[[ Extracted records, beginning ]]

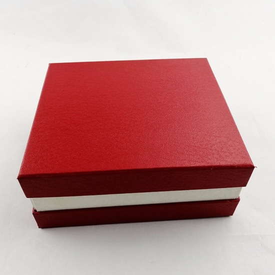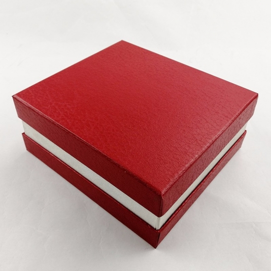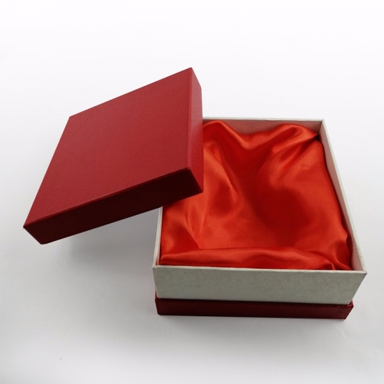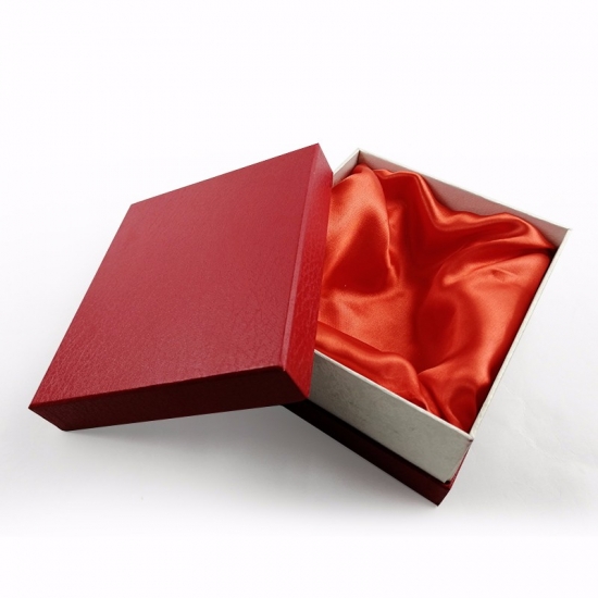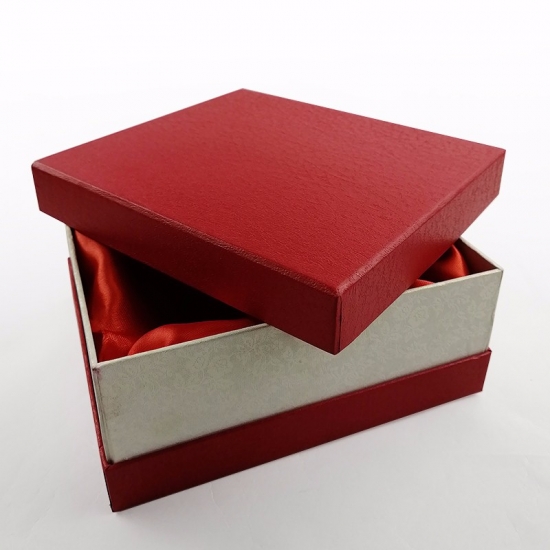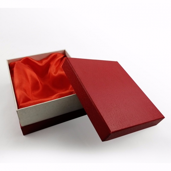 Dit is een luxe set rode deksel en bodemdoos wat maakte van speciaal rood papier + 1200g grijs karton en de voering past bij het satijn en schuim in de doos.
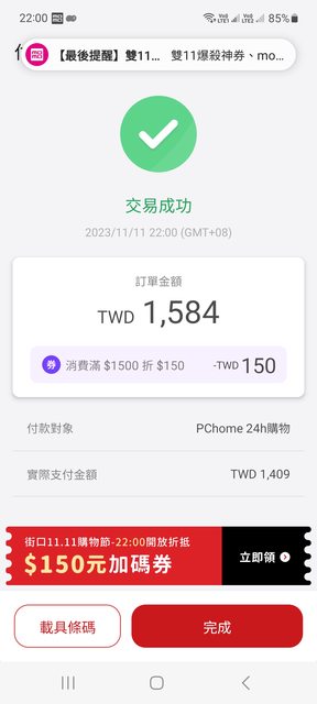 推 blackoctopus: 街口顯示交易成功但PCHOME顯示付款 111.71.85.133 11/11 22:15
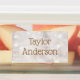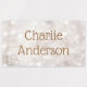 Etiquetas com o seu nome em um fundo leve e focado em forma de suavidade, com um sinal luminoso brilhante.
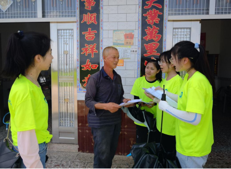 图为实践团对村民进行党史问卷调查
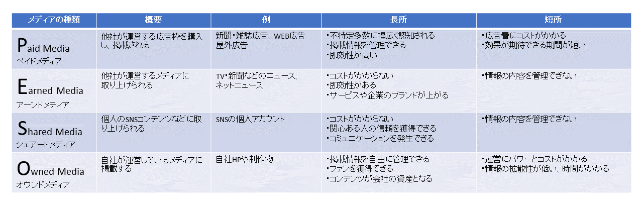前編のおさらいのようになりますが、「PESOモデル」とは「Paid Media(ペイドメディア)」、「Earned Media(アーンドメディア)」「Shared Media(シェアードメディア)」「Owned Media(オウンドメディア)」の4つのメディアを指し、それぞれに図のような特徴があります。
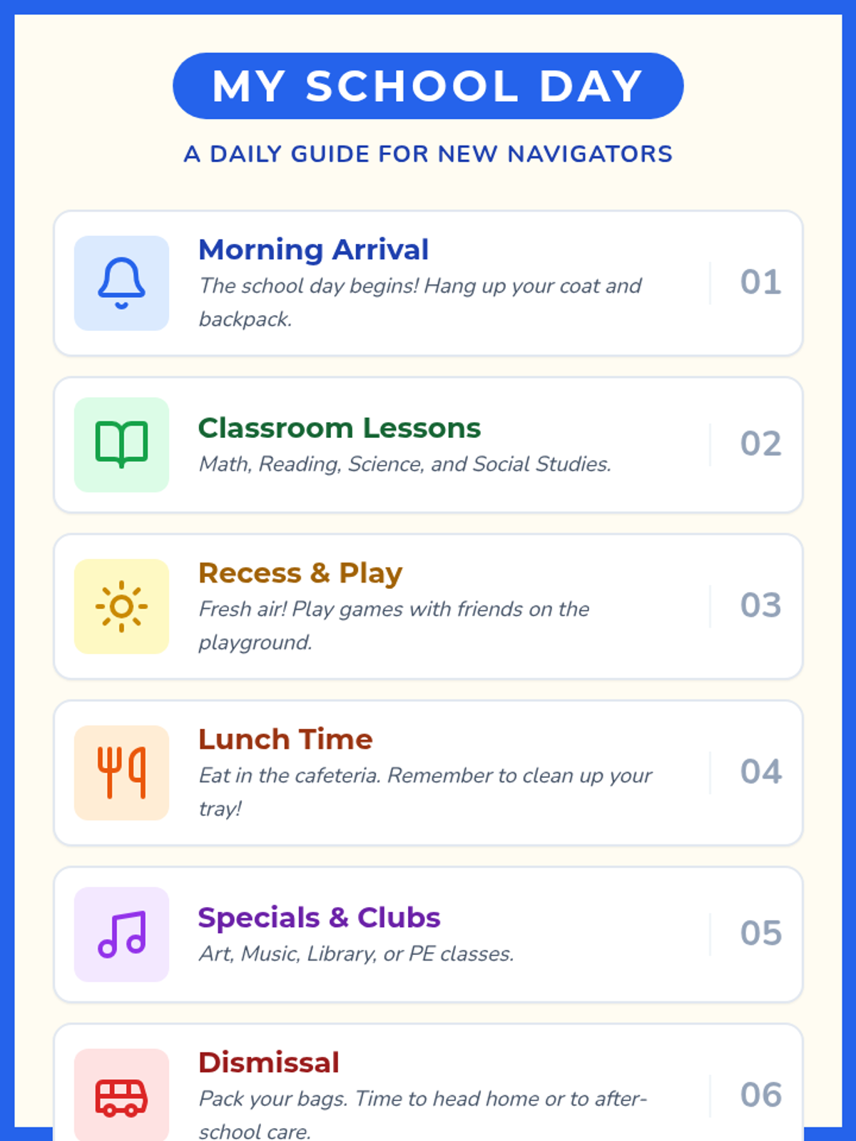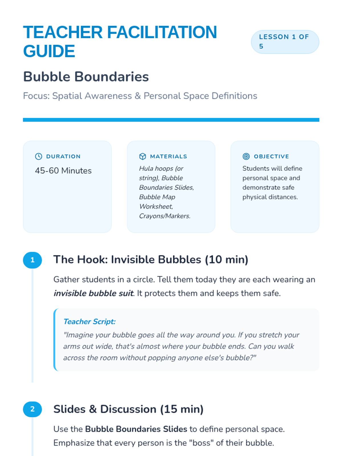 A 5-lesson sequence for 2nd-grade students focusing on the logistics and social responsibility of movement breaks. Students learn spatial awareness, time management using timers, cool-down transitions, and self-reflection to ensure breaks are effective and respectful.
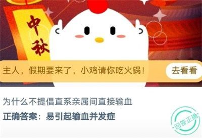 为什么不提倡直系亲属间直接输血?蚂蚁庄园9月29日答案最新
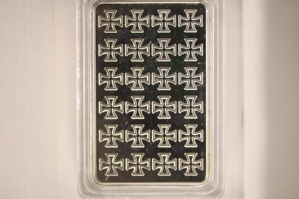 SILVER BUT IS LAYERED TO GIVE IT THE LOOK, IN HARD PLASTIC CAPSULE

[[ Extracted records, end ]]

__Brief__.
Restating the data word for word is the task, and pictures are to be omitted.

__Your solution__.
 Dit is een luxe set rode deksel en bodemdoos wat maakte van speciaal rood papier + 1200g grijs karton en de voering past bij het satijn en schuim in de doos.
 推 blackoctopus: 街口顯示交易成功但PCHOME顯示付款 111.71.85.133 11/11 22:15
 Etiquetas com o seu nome em um fundo leve e focado em forma de suavidade, com um sinal luminoso brilhante.
 图为实践团对村民进行党史问卷调查
前編のおさらいのようになりますが、「PESOモデル」とは「Paid Media(ペイドメディア)」、「Earned Media(アーンドメディア)」「Shared Media(シェアードメディア)」「Owned Media(オウンドメディア)」の4つのメディアを指し、それぞれに図のような特徴があります。
 A 5-lesson sequence for 2nd-grade students focusing on the logistics and social responsibility of movement breaks. Students learn spatial awareness, time management using timers, cool-down transitions, and self-reflection to ensure breaks are effective and respectful.
 为什么不提倡直系亲属间直接输血?蚂蚁庄园9月29日答案最新
 SILVER BUT IS LAYERED TO GIVE IT THE LOOK, IN HARD PLASTIC CAPSULE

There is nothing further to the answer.